Saratoga Capital expected to pursue IPO in 2013
Indonesian GP Saratoga Capital is expected to launch an IPO in mid-2013. Saratoga Investama Sedaya, the private equity unit of Saratoga Group, has more than $2 billion in assets under management.
It is unknown how large a stake in the business would be offered up to public market investors, or how much Saratoga is seeking to raise. Bloomberg previously reported that the offering could be worth more than $200 million.
Saratoga Group was set up by Edwin Soeryadjaya and Sandiaga Uno in 1998 and initially served as an informal vehicle to manage the founders' capital as well as funds raised from associates. Their landmark deal remains Adaro Energy. Saratoga paid about $50 million for a 51% stake in the coal producer company in 2001 and took it public seven years later, achieving a market capitalization of $3 billion.
Other early success stories included forestry player Sumalindo and telecom infrastructure provider Tower Bersama Group. Kay Mock, formerly of Government of Singapore Investment Corporation (GIC) joined as a founding partner in 2006 and Saratoga raised its second fund - though its first properly institutional vehicle - in 2009, reaching a final close of $152 million. Saratoga Asia III closed at $600 million last year.

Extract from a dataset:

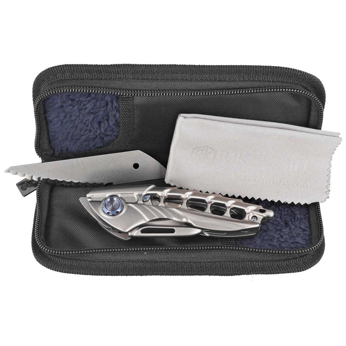 Case - the knife is packed in a zippered nylon soft pouch with the brand logo for safe carrying and storage of the folder.
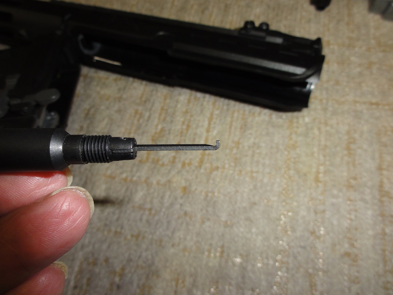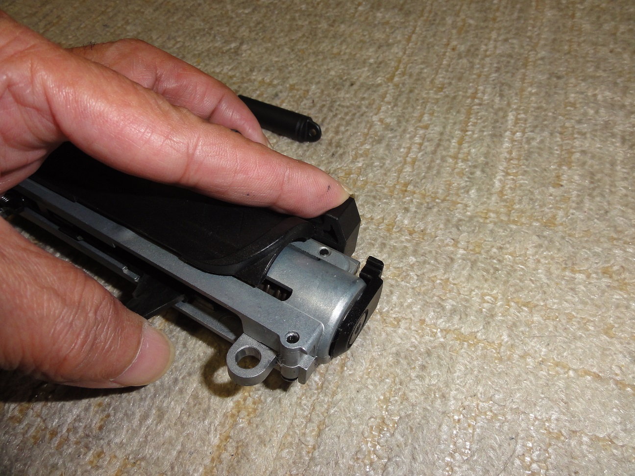 トリガーピンは分解時すでに緩め、抜け止め部のローレット加工が甘い

This wouldn't be the first Saratoga Group subsidiary to go public. Provident Agro, a palm plantation operator jointly owned with Provident Capital Indonesia, raised IDR292.5 billion ($30 million) through its IPO last year.
However, it is unusual for a private equity firm of Saratoga's size to consider a public offering. The global buyout firms that have followed this route have generally sought to build larger and more diversified asset bases. The rationale is that consistent, fee-based revenue streams are more palatable to public market investors than potentially large but unpredictable carried interest income.
Once publicly traded - and provided there is sufficient liquidity - a private equity firm has the luxury of a permanent balance sheet outside of its funds. This allows a firm to participate as an LP in its own funds as well as seeding new business initiatives.